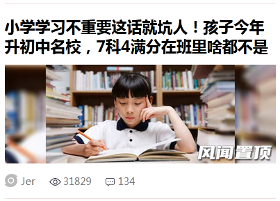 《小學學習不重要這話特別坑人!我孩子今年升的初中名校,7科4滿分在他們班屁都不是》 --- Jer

##########

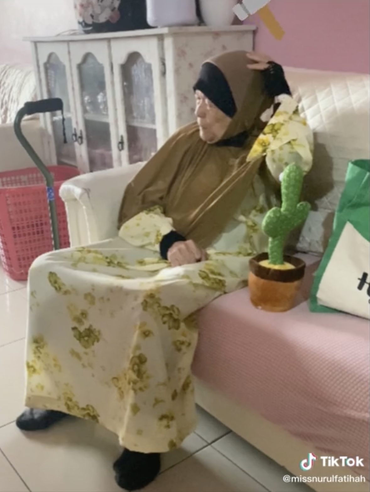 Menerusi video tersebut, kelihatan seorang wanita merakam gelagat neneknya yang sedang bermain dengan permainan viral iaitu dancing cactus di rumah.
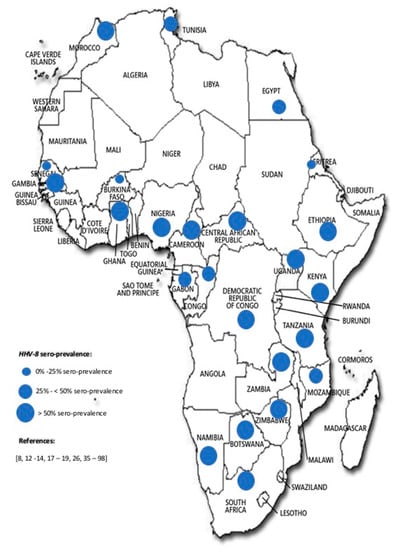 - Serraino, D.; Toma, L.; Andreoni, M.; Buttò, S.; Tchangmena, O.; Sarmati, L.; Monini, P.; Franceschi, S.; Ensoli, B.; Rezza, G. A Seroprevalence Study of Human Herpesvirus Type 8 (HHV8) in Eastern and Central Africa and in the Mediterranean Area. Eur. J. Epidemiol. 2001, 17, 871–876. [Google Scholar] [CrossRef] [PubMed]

##########

TASK INSTRUCTIONS:
Look above for the line with "Menerusi video tersebut, kelihatan", then give again exactly every line from there through the line with "- Serraino, D.;", skipping the pictures.

WRITTEN REPLY:
 Menerusi video tersebut, kelihatan seorang wanita merakam gelagat neneknya yang sedang bermain dengan permainan viral iaitu dancing cactus di rumah.
 - Serraino, D.; Toma, L.; Andreoni, M.; Buttò, S.; Tchangmena, O.; Sarmati, L.; Monini, P.; Franceschi, S.; Ensoli, B.; Rezza, G. A Seroprevalence Study of Human Herpesvirus Type 8 (HHV8) in Eastern and Central Africa and in the Mediterranean Area. Eur. J. Epidemiol. 2001, 17, 871–876. [Google Scholar] [CrossRef] [PubMed]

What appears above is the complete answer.